**EXCERPTED RECORDS**:
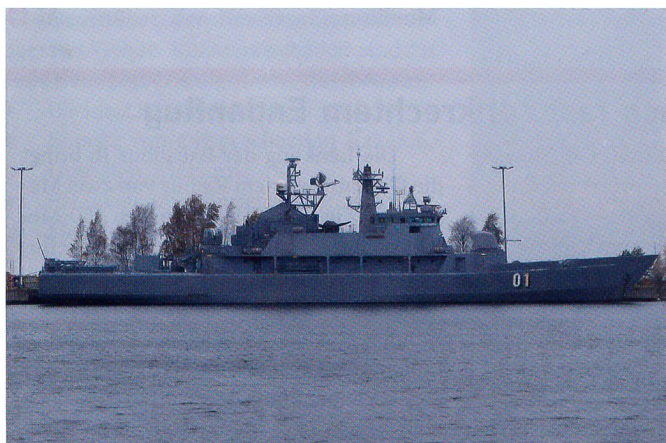
Das finnische Minenkampfschiff (Minenleger) Pohjanmaa 01.
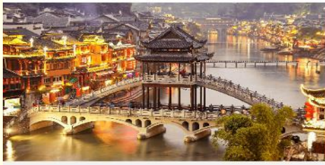
เมืองเฟิ่งหวง
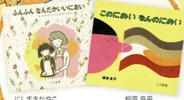
にしまさかやこ『ふんぶんなんたがいににおい』 柳原良平『このにおいなんのにおい』
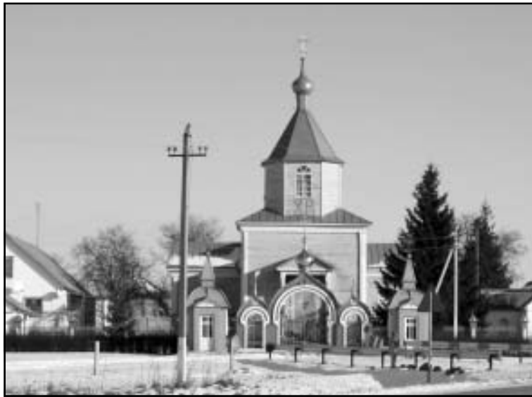
Храм в селе Ячейка
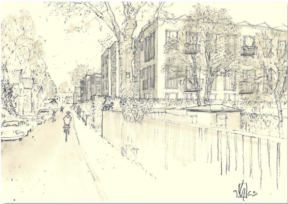
Vorschlag der Stadt

**TRY IT**: Print the material above once more, exactly, minus the pictures.

**PROBLEM SOLUTION**:
Das finnische Minenkampfschiff (Minenleger) Pohjanmaa 01.
เมืองเฟิ่งหวง
にしまさかやこ『ふんぶんなんたがいににおい』 柳原良平『このにおいなんのにおい』
Храм в селе Ячейка
Vorschlag der Stadt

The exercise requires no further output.